Riemann Zeta approaches infinity as x approaches 1

[pndc]

Homework Statement

We know \sum_{n=1}^{\infty}\frac{1}{n^x} is uniformly convergent on the interval x\in(1,\infty) and that its sum is called \zeta(x). Proof that \zeta(x) \rightarrow \infty as x \rightarrow 1^+.

Homework Equations

We cannot find the formula that \zeta is given by, but we know
\sum_{n=1}^{\infty}\frac{1}{n^1} diverges.

The Attempt at a Solution

I've already shown that the functional series is uniformly convergent on the above interval and that the derivative also converges uniformly to a limit function, thus \zeta(x) is continuous and can be differentiated.

The solution seem quite apparent: As x approaches 1, the series will approach the harmonic series, and thus it will diverge. Given any M>0, I can find a b>0 so that x \in (1,1+b) \Rightarrow \zeta(x) >M, as we know that we will approach the harmonic series.

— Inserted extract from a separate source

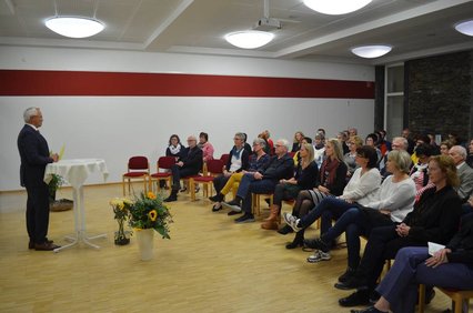 Zum Abschluss seiner Ansprache bedankte sich Hallerbach bei den Mitgliedern des Netzwerkes für die geleistete Arbeit und bat alle, ihr wichtiges Engagement auch in Zukunft fortzusetzen. Im nächsten Programmpunkt gaben die Steuerungsgruppenmitglieder Michaele Günter und Catrina Schneider einen Rückblick auf 10 Jahre Palliativnetzwerk Neuwied. Sie hoben hier besonders die jährlich stattfindenden Fachtage und die bis zu fünf Mal im Jahr organisierten Qualitätszirkel hervor. Die Qualitätszirkel starteten 2008 als Fortbildungen für Ärztinnen und Ärzte, wurden aber schnell für alle Professionen, die sich in der Palliativ- und Hospizarbeit engagieren, geöffnet. Den Höhepunkt der Festveranstaltung bildete der Vortrag von Dr. Elke Freudenberg, Psychoonkologin vom Herz-Jesu-Krankenhaus in Dernbach, mit dem Thema „In Gleichklang … mit den An- und Zugehörigen?“ In Form eines Ein-Personen-Stücks schilderte sie sehr berührend und eindrucksvoll die Gefühlswelt einer Angehörigen, die die Krebsdiagnose ihres Ehemannes und die Leidenszeit bis zum Tod im Hospiz verarbeiten musste. Wichtig dabei war ihr zu vermitteln, dass vor der letzten Lebensphase eines Menschen, seinem Leiden und Sterben, ein „ganzes Leben“ mit individuellen Höhen und Tiefen lag, das den betreuenden, pflegenden und beratenden professionellen Mitarbeiterinnen und Mitarbeiter meistens verborgen bleibt.

However, I'm not quite sure how I can go about formulating a formal proof. For functional series, I suppose I cannot just plug in the limit and say its a harmonic series (especially as it's not defined there).

Under which conditions can I be completely sure that plugging in the relevant x and then let n approach infinity will be equivalent to letting n approach infinity and then let x approach infinity? Or can I approach this in a different way?

Any help will be greatly appreciated!

 

[Dustinsfl]

Why not use the fact that
$$
\sum_{n=1}^{\infty}\frac{1}{n}
$$
is a harmonic series.

Then
$$
1+\frac{k}{2}\leq\sum_{n=1}^{2^k}\frac{1}{n}
$$
as $k\to\infty$
$$
\infty = 1+\frac{k}{2}\leq \sum_{n=1}^{2^k}\frac{1}{n}
$$